Top of Excerpted records
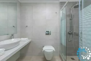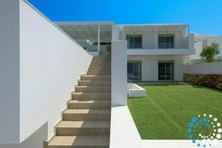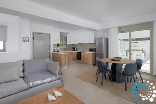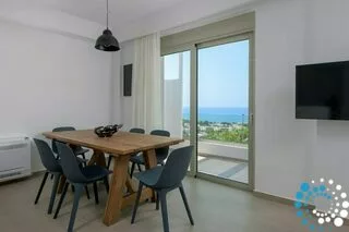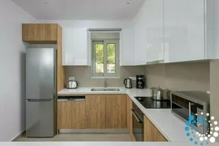 The villa comfortably hosts up to four guests in two beautifully designed bedrooms. On the lower level, two double bedrooms each feature their own en-suite bathroom, offering privacy and comfort. The upper level showcases an open-plan layout with a fully equipped kitchen, stylish dining area, welcoming living room, and a convenient guest W.C., all designed to enhance effortless holiday living.
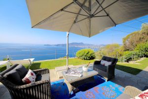 La Méditerranée zo blauw zo blauw … De melodie van dit liedje, een ode aan het zoete leven aan de Mediterraanse Zee, schiet je te binnen zodra je de tuin van La Mediterranea inloopt. Want wat een heerlijkheid, wat een uitzicht op zee heb je hier! En niet alleen vanaf het overdekte terras voor het appartement of liggend op een zonnebed. Maar pas echt top is het om liggend in de jacuzzi buiten, al bubbelend, samen een glas te heffen op la dolce vita.
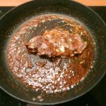 Verdeel over de borden en geef er groenten/aardappelen naar keuze bij. Wij aten het met broccoli en aardappelgratin, maar kan ook heel goed met frites of aardappelpuree.
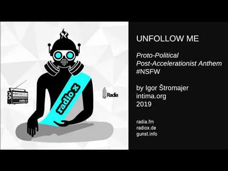 UNFOLLOW MEProto-Political Post-Accelerationist Anthemby Igor Štromajerradio x, FM 91.8 MHz Stereo, Frankfurt am Mainradiator x / GUNSTradio / Live On Air / radia.fmThursday, 31 January ...
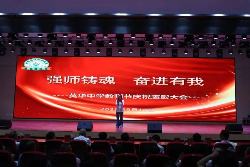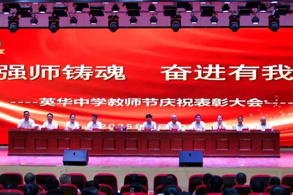 ~ 金秋九月,礼赞师者。英华中学庆祝第四十一个教师节表彰大会圆满落幕,每一份荣誉都闪耀着教育者的坚守与担当,每一次掌声都承载着对匠心育人的敬意。感谢全体教职工以爱为犁、以智为种,在校园沃土上耕耘希望。新学年的号角已吹响,愿每一位英华教育人怀揣 “三师” 初心,践行 “三观” 使命,以光热照亮学生成长路,以实干书写教育新答卷,在教育强国的征程上,续写英华更璀璨的篇章。
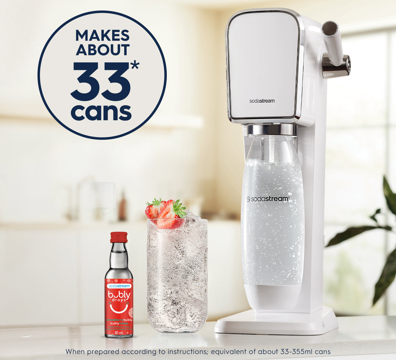 NEW! bubly drops™ - a fun way to sparkle your water with strawberry flavour! Make your favourite bubly ™ sparkling water right at home with SodaStream. no calories. no sweeteners. all smiles.™
Bottom of Excerpted records
* [Task description]:
Except for the pictures, set down all of the records exactly as they are.

* [Written solution]:
 The villa comfortably hosts up to four guests in two beautifully designed bedrooms. On the lower level, two double bedrooms each feature their own en-suite bathroom, offering privacy and comfort. The upper level showcases an open-plan layout with a fully equipped kitchen, stylish dining area, welcoming living room, and a convenient guest W.C., all designed to enhance effortless holiday living.
 La Méditerranée zo blauw zo blauw … De melodie van dit liedje, een ode aan het zoete leven aan de Mediterraanse Zee, schiet je te binnen zodra je de tuin van La Mediterranea inloopt. Want wat een heerlijkheid, wat een uitzicht op zee heb je hier! En niet alleen vanaf het overdekte terras voor het appartement of liggend op een zonnebed. Maar pas echt top is het om liggend in de jacuzzi buiten, al bubbelend, samen een glas te heffen op la dolce vita.
 Verdeel over de borden en geef er groenten/aardappelen naar keuze bij. Wij aten het met broccoli en aardappelgratin, maar kan ook heel goed met frites of aardappelpuree.
 UNFOLLOW MEProto-Political Post-Accelerationist Anthemby Igor Štromajerradio x, FM 91.8 MHz Stereo, Frankfurt am Mainradiator x / GUNSTradio / Live On Air / radia.fmThursday, 31 January ...
 ~ 金秋九月,礼赞师者。英华中学庆祝第四十一个教师节表彰大会圆满落幕,每一份荣誉都闪耀着教育者的坚守与担当,每一次掌声都承载着对匠心育人的敬意。感谢全体教职工以爱为犁、以智为种,在校园沃土上耕耘希望。新学年的号角已吹响,愿每一位英华教育人怀揣 “三师” 初心,践行 “三观” 使命,以光热照亮学生成长路,以实干书写教育新答卷,在教育强国的征程上,续写英华更璀璨的篇章。
 NEW! bubly drops™ - a fun way to sparkle your water with strawberry flavour! Make your favourite bubly ™ sparkling water right at home with SodaStream. no calories. no sweeteners. all smiles.™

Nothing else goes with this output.